Since a creditor cannot force a debtor to execute a Reaffirmation Agreement, they are most effective when the debt is secured by collateral which the debtor wishes to retain, i.e. a car or real estate.
Reaffirmation Agreements must follow certain requirements, such as being in writing and filed with Bankruptcy Court.
Advantages and Disadvantages of Chapter 11 for a Debtor
Advantages of Chapter 11:
- Calmer atmosphere to reorganize;
- Automatic stay of actions against the debtor;
- Consolidation of claims against the debtor;
- Use of cash collateral by court order or stipulation with the secured creditors;
- Work with committee of unsecured creditors;
- Rejection of burdensome contracts and leases under the business judgment rule;
- Restructure debt;
- Bind dissenters;
- Becoming a more attractive entity for possible acquisition as a going-concern, free and clear of liens and claims; and
- Obtaining new credit secured by a first lien, priming the pre-Petition liens and secured claims.

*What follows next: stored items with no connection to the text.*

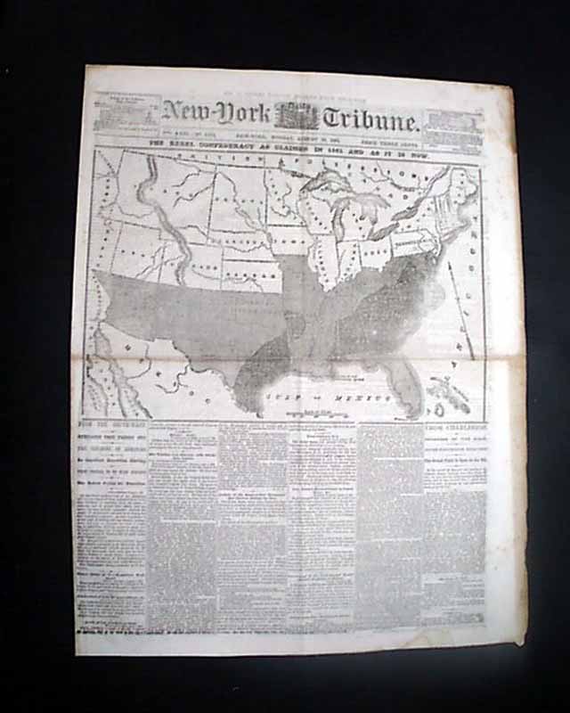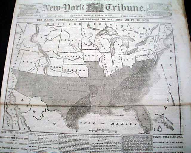 NEW YORK TRIBUNE, August 10, 1863 See the photo for the terrific & huge front page map, taking close to two-thirds of the front page, headed: "THE REBEL CONFEDERACY AS CLAIMED IN 1861 AND AS IT IS NOW" showing how the rebel states have shrunk in two years.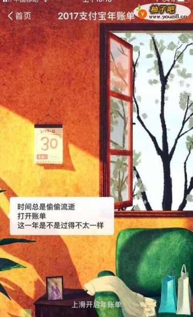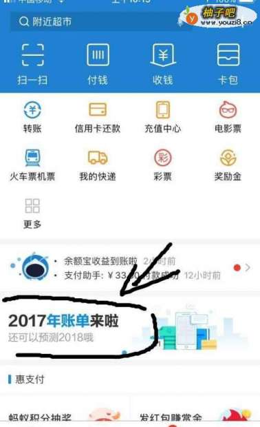 2在界面首页的中间,如下图所示地方,我们可以看到“2017年账单”的字样,点击;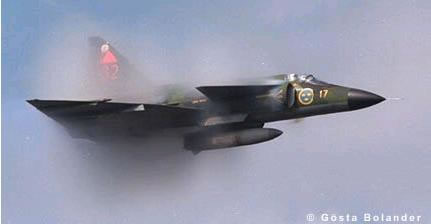 A SAAB JA37 VIGGEN is shown passing the soundbarrier. Pilot: Captain Anders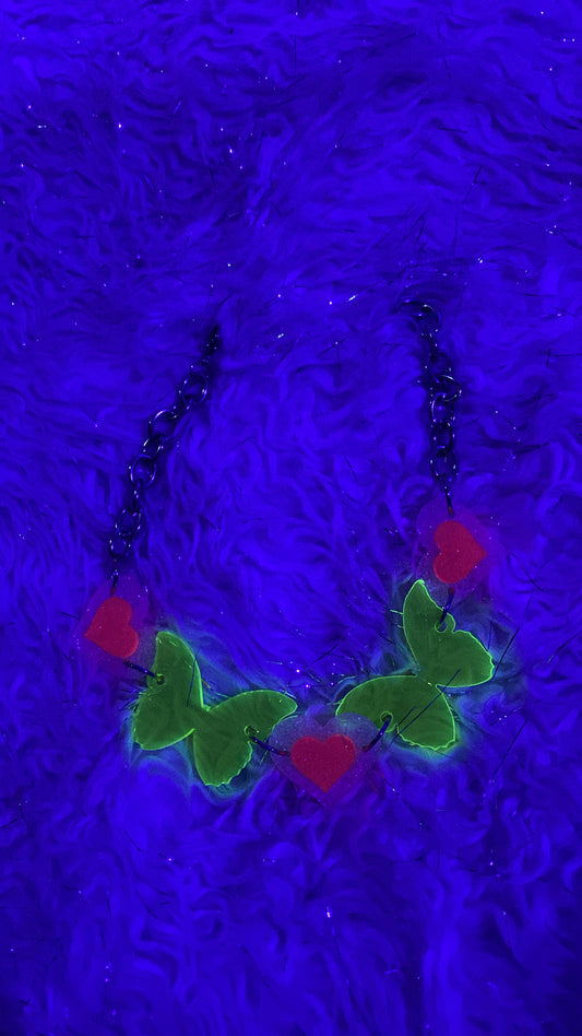 Neon Butterfly dreams collar 🦋💚 choker (one of a kind) uv reactive

Disadvantages of Chapter 11:
- Equity cushion is needed;
- Operating cash or credit is needed;
- Postpetition cash flow and profits are required to stay in Chapter 11;
- Debtor is limited to the ordinary course of business;
- Extensive disclosure is required;
- Employee relations may be strained;
- Public relations may be adversely effected;
- Possible appointment of a Trustee or examiner;
- Guarantors are not protected; and
- Creditors may file a competing plan after the debtor’s plan exclusive period expires.
Overall, Chapter 11 can be expensive yet cost-effective and worthwhile if the Chapter 11 case is handled properly, especially in comparison with the realistic alternatives for a struggling business.